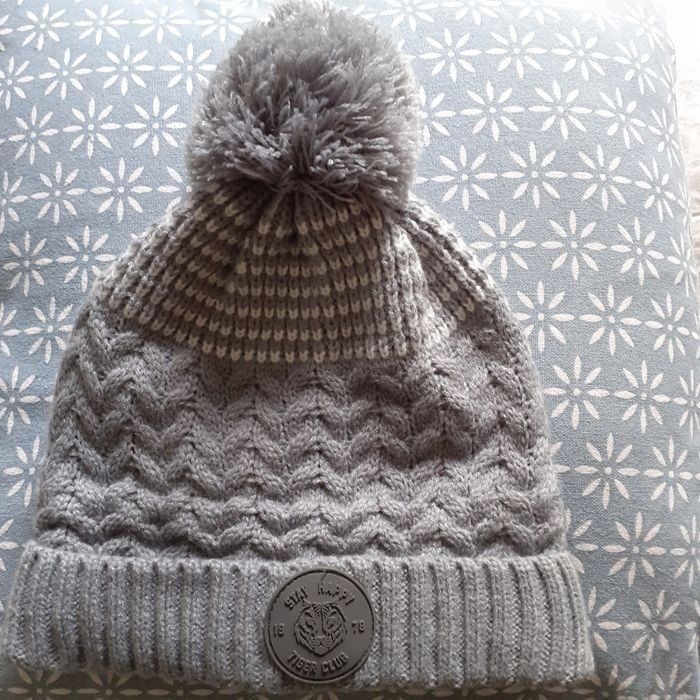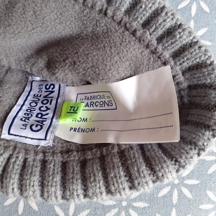 Bonnet avec pompon, coloris gris et blanc; marque " La fabrique des garçons"; Badge en plastique devant, motif Tigre. Étiquette en intérieur pour coordonnées. Extérieur 100% acrylique, doublure 100% polyester; lavable à 30°. Taille unique/garçon // voir photos personnelles pour détails
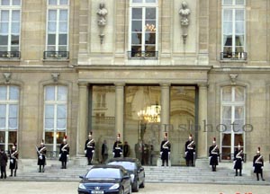 法總統府儀仗隊列隊歡迎華僑華人。馮越強攝
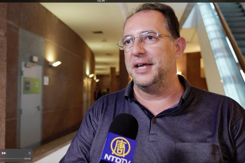 当天,帕特里克·德·莫蒂埃(Patrick de Mortier)和太太Catherine专程从比利时东部城市驾车两个小时来到布鲁日观看神韵。他说:“这是我们翘首企盼的演出,看完之后如愿以偿,非常高兴!” 德·莫蒂埃先生赞叹演出:“色彩那么美,充满光明,舞蹈、音乐都是那么美妙,太精彩了。”德·莫蒂埃太太赞同说,“演出美妙神奇,我们度过了一个非常非常美好的夜晚。” 巴西作曲兼指挥家:神韵作曲卓越 配器细节完美 二零二零年二月一日,拥有二十多年音乐创作与指挥经验的作曲兼指挥家Rodrigo Vitta观赏了神韵国际艺术团在巴西圣保罗Unimed Hall的演出后盛赞,“神韵的作曲非常卓越,音乐引领着整场演出。现场交响乐团的配器每个细节都非常完美,独奏、合奏烘托出的效果富有震撼力”。  图6:巴西资深作曲兼指挥家罗德里戈·维塔(Rodrigo Vitta)观赏了神韵国际艺术团在巴西圣保罗的演出后,盛赞神韵中西合璧的音乐非常完美。 |

> [PROBLEM REQUIREMENTS] Copy exactly, and copy nothing else: the lines from the start of the data above through the line that holds "法總統府儀仗隊列隊歡迎華僑華人。馮越強攝". The pictures stay out.

> [PROBLEM SOLUTION]
 Bonnet avec pompon, coloris gris et blanc; marque " La fabrique des garçons"; Badge en plastique devant, motif Tigre. Étiquette en intérieur pour coordonnées. Extérieur 100% acrylique, doublure 100% polyester; lavable à 30°. Taille unique/garçon // voir photos personnelles pour détails
 法總統府儀仗隊列隊歡迎華僑華人。馮越強攝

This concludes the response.